= WORK ITEM =
Beginning with the line that contains "最常見的就是不同鋪磚的邊界,利用豐富的平面構成處理,或者運用豐富的波打處理。", retype the entries below exactly, ending with the line that contains "Potremmo azzardare un". Leave out any pictures.

= DATA FOR THIS TASK =
-- Opening Marker --

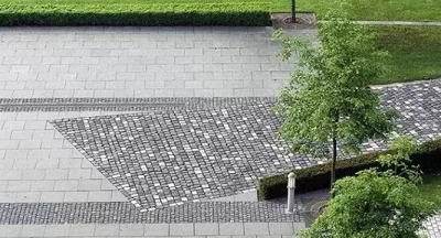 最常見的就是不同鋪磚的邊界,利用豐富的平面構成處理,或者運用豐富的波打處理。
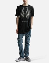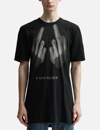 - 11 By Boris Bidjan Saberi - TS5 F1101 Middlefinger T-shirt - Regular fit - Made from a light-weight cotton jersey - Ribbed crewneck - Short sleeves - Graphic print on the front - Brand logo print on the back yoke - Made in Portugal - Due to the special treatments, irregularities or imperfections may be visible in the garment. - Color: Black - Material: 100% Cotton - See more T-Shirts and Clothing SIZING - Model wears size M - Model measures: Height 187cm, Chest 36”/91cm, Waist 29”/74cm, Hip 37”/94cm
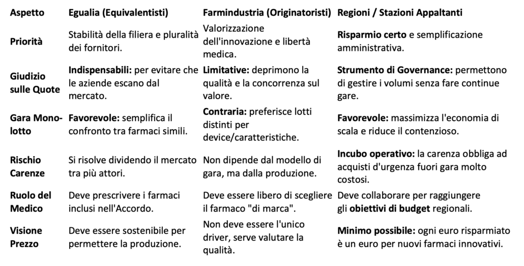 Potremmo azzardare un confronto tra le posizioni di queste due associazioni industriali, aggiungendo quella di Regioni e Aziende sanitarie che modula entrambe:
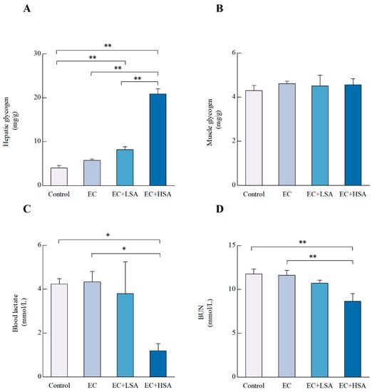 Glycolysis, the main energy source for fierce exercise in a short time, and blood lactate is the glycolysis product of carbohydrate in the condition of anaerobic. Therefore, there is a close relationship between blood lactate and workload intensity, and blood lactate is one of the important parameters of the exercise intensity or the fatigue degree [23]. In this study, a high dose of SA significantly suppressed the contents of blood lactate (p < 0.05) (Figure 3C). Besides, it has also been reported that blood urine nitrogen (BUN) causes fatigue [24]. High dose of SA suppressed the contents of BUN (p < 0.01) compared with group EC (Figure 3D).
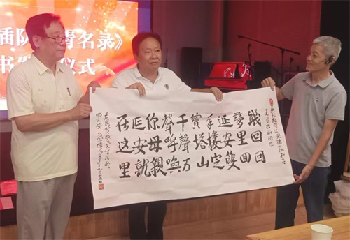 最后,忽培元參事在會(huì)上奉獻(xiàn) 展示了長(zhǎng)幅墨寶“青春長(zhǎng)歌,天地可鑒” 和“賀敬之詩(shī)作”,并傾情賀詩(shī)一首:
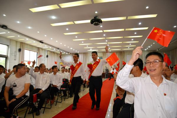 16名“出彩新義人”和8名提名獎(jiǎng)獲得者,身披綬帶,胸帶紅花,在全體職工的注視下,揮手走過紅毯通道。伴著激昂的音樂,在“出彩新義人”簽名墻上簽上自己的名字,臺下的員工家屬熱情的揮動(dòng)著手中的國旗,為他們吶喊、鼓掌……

-- Closing Marker --
-- Opening Marker --

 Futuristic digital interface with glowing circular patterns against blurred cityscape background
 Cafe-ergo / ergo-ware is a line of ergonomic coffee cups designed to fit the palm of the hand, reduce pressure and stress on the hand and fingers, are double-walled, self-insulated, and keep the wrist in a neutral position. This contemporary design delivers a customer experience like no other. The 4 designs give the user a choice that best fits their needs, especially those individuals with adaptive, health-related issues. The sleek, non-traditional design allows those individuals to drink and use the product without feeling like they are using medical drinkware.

-- Closing Marker --

= RESPONSE BOX =
 最常見的就是不同鋪磚的邊界,利用豐富的平面構成處理,或者運用豐富的波打處理。
 - 11 By Boris Bidjan Saberi - TS5 F1101 Middlefinger T-shirt - Regular fit - Made from a light-weight cotton jersey - Ribbed crewneck - Short sleeves - Graphic print on the front - Brand logo print on the back yoke - Made in Portugal - Due to the special treatments, irregularities or imperfections may be visible in the garment. - Color: Black - Material: 100% Cotton - See more T-Shirts and Clothing SIZING - Model wears size M - Model measures: Height 187cm, Chest 36”/91cm, Waist 29”/74cm, Hip 37”/94cm
 Potremmo azzardare un confronto tra le posizioni di queste due associazioni industriali, aggiungendo quella di Regioni e Aziende sanitarie che modula entrambe:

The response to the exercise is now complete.